El cierre del tesoro regional del Banco Central en Comodoro Rivadavia abrió un conflicto que excede a los trabajadores afectados y pone en discusión cómo se moverá el dinero en efectivo dentro de la Patagonia. La medida forma parte de una decisión nacional que alcanza a 12 sedes regionales del organismo. Para el gremio La Bancaria, el cambio no solo golpea puestos laborales, sino que también modifica una parte sensible de la operatoria diaria del sistema financiero.

La decisión deja a Trelew como único punto operativo en la región, mientras quedarían fuera del esquema los tesoros de Comodoro Rivadavia, Ushuaia y Río Gallegos. Ese recorte concentra el manejo de fondos en una sola ciudad y obliga a las entidades bancarias a reorganizar traslados, disponibilidad de efectivo y circuitos internos. En ese escenario, el sindicato inició medidas de fuerza en los tesoros alcanzados por la disposición.
El referente gremial Walter Rey explicó que la protesta responde a una resolución tomada por las autoridades del Banco Central. “Estamos con una medida de fuerza hoy en todos los tesoros regionales del banco central producto de que las autoridades del Banco Central han decidido cerrar 12 tesoros regionales incluido el de Ushuaia, el de Río Gallegos, el de Comodoro que afecta a toda la zona patagónica, más 9 más del interior, dejando solamente el tesoro en la ciudad de Trelew”
La preocupación central del gremio está puesta en los trabajadores que dependen de esas estructuras. Según Rey, “esto significa que no solamente que afecta a 32 trabajadores de estos tesoros sino también lo que significa dejar de tener en Comodoro Rivadavia un tesoro del banco central en el manejo de los fondos y el efectivo concreto”. La organización sindical entiende que la pérdida de esas sedes reduce presencia operativa y deja a varias provincias con menor capacidad de respuesta.
El impacto también aparece en la logística bancaria. Rey sostuvo que el traslado y la concentración de fondos en otra localidad implican mayores costos para las entidades. “Esto significa un costo mayor para todas las entidades bancarias y también donde no vamos a tener un flujo de dinero efectivo al mercado”, explicó, al vincular la medida con una reorganización más amplia del sistema financiero.
La Bancaria además ubica este conflicto dentro de un proceso de reducción de personal en el sector. El gremio asegura que en los últimos años cayeron los puestos y la cantidad de afiliados, entre retiros, jubilaciones, despidos encubiertos y cierres de sucursales.

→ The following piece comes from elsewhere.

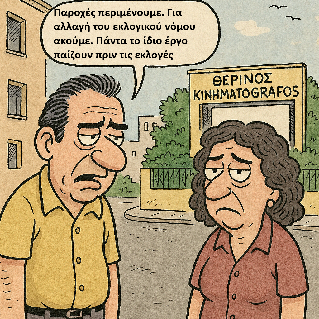 Παροχές περιμένουμε. Για αλλαγή του εκλογικού νόμου ακούμε. Πάντα το ίδιο έργο παίζουν πριν τις εκλογές

En esa línea, Rey indicó: “Nosotros hemos perdido casi 5.000 afiliados producto de retiros, producto de jubilaciones, producto de despidos encubiertos”.

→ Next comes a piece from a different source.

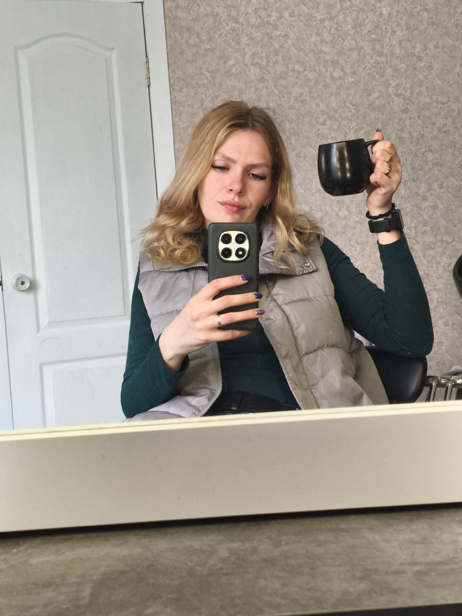 A young adult woman with long, wavy blonde hair takes a mirror selfie in an indoor setting, likely a salon or dressing room in Русский Вожой, Russia. She is reflected from the chest up, looking down a…read more

El dirigente también aportó una comparación sobre la estructura laboral bancaria a nivel nacional. “A nivel bancario nosotros para que tengan una idea, hace dos años atrás teníamos 80.000 afiliados sobre un padrón de 110.000. Hoy de acuerdo al banco central estamos en 92.000 bancarios en todo el país”, expresó. Para el sindicato, esos números muestran una tendencia que se acelera con decisiones como el cierre de tesoros regionales.
La protesta podría extenderse si no aparece una respuesta del Banco Central. Rey afirmó que “seguramente se intensificará la medida de fuerza que no descartamos también llevarla a otras entidades bancarias”. La advertencia incluye a bancos privados y se suma a otros reclamos laborales que el gremio sigue de cerca.
El conflicto también se cruza con el clima sindical nacional y con la discusión por la reforma laboral. Rey cuestionó la vigencia de esa norma y vinculó el escenario con la movilización convocada por la CGT para el día 30 en Plaza de Mayo. Para La Bancaria, el cierre de tesoros regionales forma parte de una política que afecta al empleo, a la presencia territorial del sistema financiero y al funcionamiento cotidiano de las entidades.
Mientras continúan las medidas de fuerza, el sindicato espera que el Banco Central revise la decisión.